The present invention provides a robust, unique, economic way to process large amounts of forecast scenarios in a production environment. It is flexible, and it saves time. All the processing is performed automatically, so that the user can simply start the automatic forecast process, or even set a frequency of forecasts for the batch, and the forecasting system utilizing this invention will take care of everything.
The evaluation of bulk forecasts described herein provides an effective method that can be used in production environments, where forecasts need to be provided for large quantities of scenarios and where the user should not need to worry about each individual scenario.
The present invention has been described in particular detail with respect to a limited number of embodiments. Those of skill in the art will appreciate that the invention may additionally be practiced in other embodiments. First, the particular naming of the components, capitalization of terms, the attributes, data structures, or any other programming or structural aspect is not mandatory or significant, and the mechanisms that implement the invention or its features may have different names, formats, or protocols. Further, the system may be implemented via a combination of hardware and software, as described, or entirely in hardware elements. Also, the particular division of functionality between the various system components described herein is merely exemplary, and not mandatory; functions performed by a single system component may instead be performed by multiple components, and functions performed by multiple components may instead performed by a single component. For example, the particular functions of the map image-rendering-software provider, map image provider and so forth may be provided in many or one module.
Some portions of the above description present the feature of the present invention in terms of algorithms and symbolic representations of operations on information. These algorithmic descriptions and representations are the means used by those skilled in the art of data modeling and forecasting to most effectively convey the substance of their work to others skilled in the art. These operations, while described functionally or logically, are understood to be implemented by computer programs. Furthermore, it has also proven convenient at times, to refer to these arrangements of operations as modules or code devices, without loss of generality.
It should be borne in mind, however, that all of these and similar terms are to be associated with the appropriate physical quantities and are merely convenient labels applied to these quantities. Unless specifically stated otherwise as apparent from the present discussion, it is appreciated that throughout the description, discussions utilizing terms such as “processing” or “computing” or “calculating” or “determining” or “displaying” or the like, refer to the action and processes of a computer system, or similar electronic computing device, that manipulates and transforms data represented as physical (electronic) quantities within the computer system memories or registers or other such information storage, transmission or display devices.
Certain aspects of the present invention include process steps and instructions described herein in the form of an algorithm. It should be noted that the process steps and instructions of the present invention could be embodied in software, firmware or hardware, and when embodied in software, could be downloaded to reside on and be operated from different platforms used by real time network operating systems.

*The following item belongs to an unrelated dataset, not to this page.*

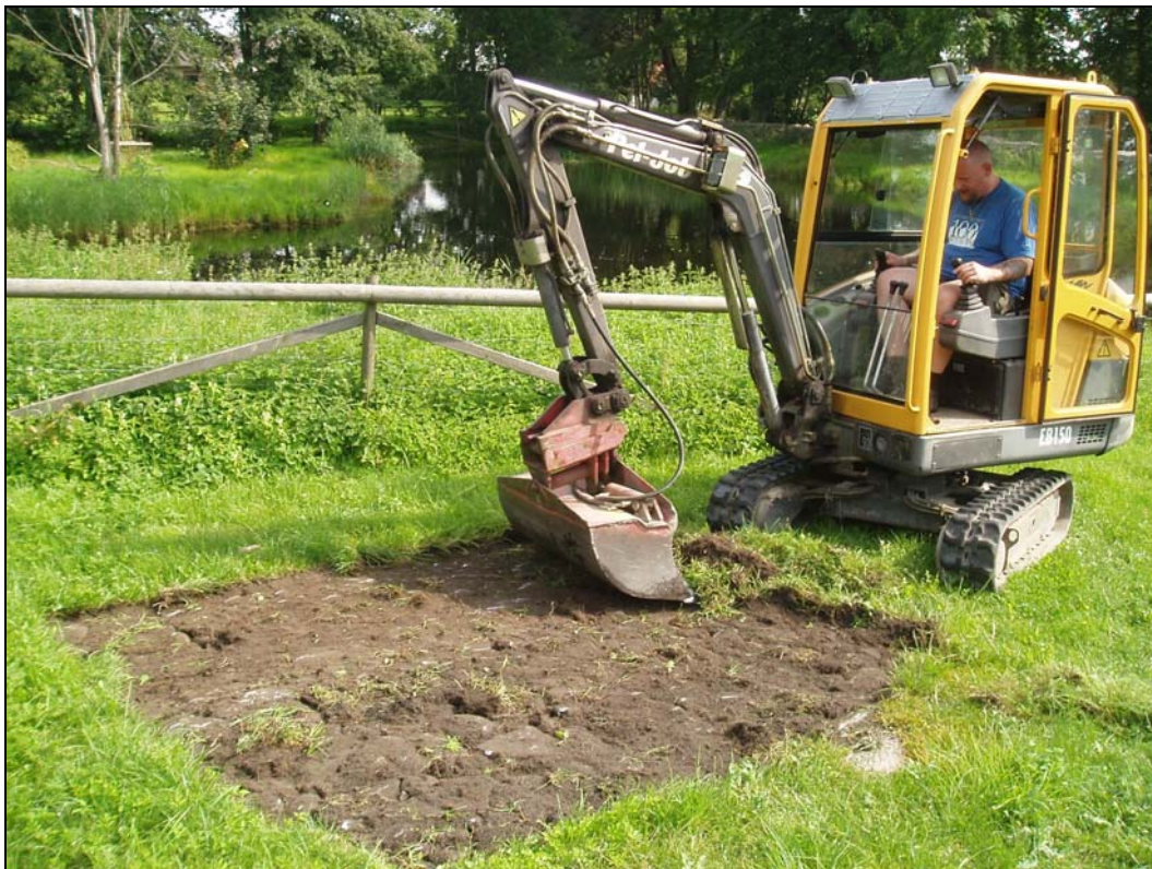
Fig.2 - Påbörjad grävning av Schakt 5, fotograferat mot NO.

Det arkeologiska förundersökningsarbetet utfördes 2007-08-08. Gropar för träden grävdes med en minigrävare, under ledning av Blekinge museums arkeolog, till ett genomgående djup om ca 1,0 m. (fig.2). Kompletterande grävning och framrensning gjordes för hand, och fyndinsamlingen skedde genom handplock. Schakten lägesbestämdes med hjälp av kommunala GPS-mätningar, och inhämtade fältdata efterbearbetades i ArcGIS 9. Dokumentation utfördes i övrigt med digitalkamera.

The present invention also relates to an apparatus for performing the operations herein. This apparatus may be specially constructed for the required purposes, or it may comprise a general-purpose computer selectively activated or reconfigured by a computer program stored in the computer. Such a computer program may be stored in a computer readable storage medium, such as, but is not limited to, any type of disk including floppy disks, optical disks, CD-ROMs, magnetic-optical disks, read-only memories (ROMs), random access memories (RAMs), EPROMs, EEPROMs, magnetic or optical cards, application specific integrated circuits (ASICs), or any type of media suitable for storing electronic instructions, and each coupled to a computer system bus. Furthermore, the computers referred to in the specification may include a single processor or may be architectures employing multiple processor designs for increased computing capability.

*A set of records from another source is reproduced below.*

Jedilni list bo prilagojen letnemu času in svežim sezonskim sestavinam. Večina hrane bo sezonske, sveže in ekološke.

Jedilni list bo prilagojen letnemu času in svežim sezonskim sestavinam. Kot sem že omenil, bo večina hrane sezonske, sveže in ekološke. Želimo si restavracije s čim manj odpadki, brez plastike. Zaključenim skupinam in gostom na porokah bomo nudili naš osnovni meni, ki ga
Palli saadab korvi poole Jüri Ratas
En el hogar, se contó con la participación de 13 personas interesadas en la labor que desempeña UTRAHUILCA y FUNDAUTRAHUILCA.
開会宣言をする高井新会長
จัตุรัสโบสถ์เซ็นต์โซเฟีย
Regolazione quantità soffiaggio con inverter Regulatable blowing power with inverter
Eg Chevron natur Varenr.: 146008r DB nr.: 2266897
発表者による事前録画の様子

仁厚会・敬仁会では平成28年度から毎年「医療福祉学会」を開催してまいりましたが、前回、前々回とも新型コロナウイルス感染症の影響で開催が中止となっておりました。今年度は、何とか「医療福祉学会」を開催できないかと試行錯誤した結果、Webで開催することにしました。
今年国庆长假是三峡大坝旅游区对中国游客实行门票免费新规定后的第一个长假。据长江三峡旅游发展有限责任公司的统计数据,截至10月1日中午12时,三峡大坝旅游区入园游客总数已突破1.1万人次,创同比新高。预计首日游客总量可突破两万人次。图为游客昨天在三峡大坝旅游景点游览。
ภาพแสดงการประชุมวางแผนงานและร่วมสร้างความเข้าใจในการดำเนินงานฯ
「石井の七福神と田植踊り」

The algorithms and displays presented herein are not inherently related to any particular computer or other apparatus. Various general-purpose systems may also be used with programs in accordance with the teachings herein, or it may prove convenient to construct more specialized apparatus to perform the required method steps. The required structure for a variety of these systems will appear from the description above. In addition, the present invention is not described with reference to any particular programming language. It is appreciated that a variety of programming languages may be used to implement the teachings of the present invention as described herein, and any references to specific languages are provided for disclosure of enablement and best mode of the present invention.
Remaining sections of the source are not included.